§ **INFORMATION PROVIDED**
============================================================
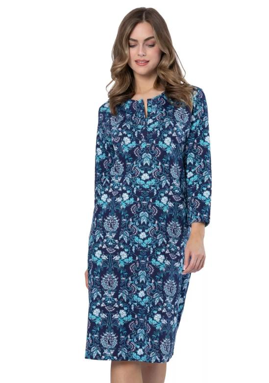 Dámská noční košile Arleta 1653 značky LEVEZA nabízí skvělý komfort a příjemný pocit díky kvalitnímu materiálu z 100% bavlny. Tento model s dlouhým rukávem je ideální volbou pro chladnější noci, kdy oceníte měkkost a prodyšnost přírodních vláken. Elegantní modrý vzor dodává noční košili stylový a zároveň nenásilný vzhled, který zaujme ženy hledající pohodlné, ale přitom estetické oblečení na spaní.
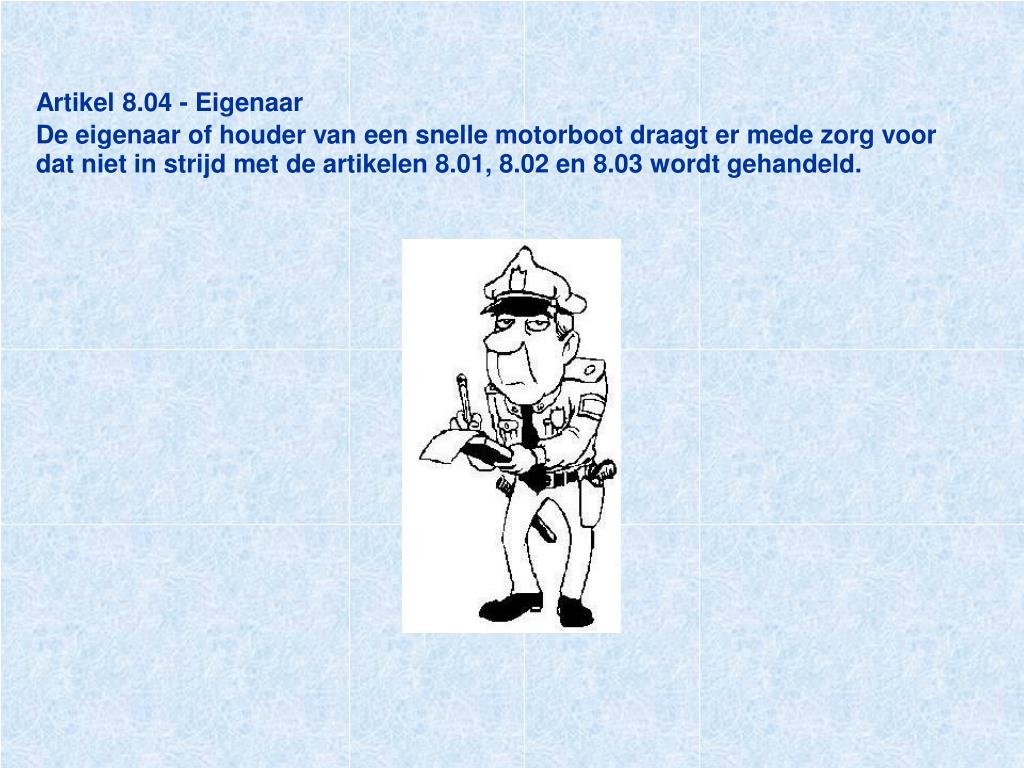 Artikel 8.04 - EigenaarDe eigenaar of houder van een snelle motorboot draagt er mede zorg voor dat niet in strijd met de artikelen 8.01, 8.02 en 8.03 wordt gehandeld.
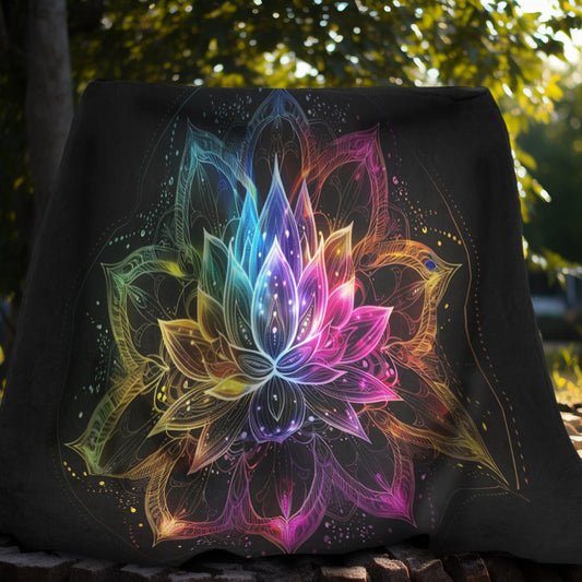 Luminous Lotus Double-Sided Throw Blanket, Vibrant Energy Motif, Radiant Floral Mandala, Cosmic Bloom Design, Ethereal Color Spectrum Art
============================================================
§ **YOUR INSTRUCTIONS**
Transcribe the material as is, with images omitted.

§ **YOUR SOLUTION**
 Dámská noční košile Arleta 1653 značky LEVEZA nabízí skvělý komfort a příjemný pocit díky kvalitnímu materiálu z 100% bavlny. Tento model s dlouhým rukávem je ideální volbou pro chladnější noci, kdy oceníte měkkost a prodyšnost přírodních vláken. Elegantní modrý vzor dodává noční košili stylový a zároveň nenásilný vzhled, který zaujme ženy hledající pohodlné, ale přitom estetické oblečení na spaní.
 Artikel 8.04 - EigenaarDe eigenaar of houder van een snelle motorboot draagt er mede zorg voor dat niet in strijd met de artikelen 8.01, 8.02 en 8.03 wordt gehandeld.
 Luminous Lotus Double-Sided Throw Blanket, Vibrant Energy Motif, Radiant Floral Mandala, Cosmic Bloom Design, Ethereal Color Spectrum Art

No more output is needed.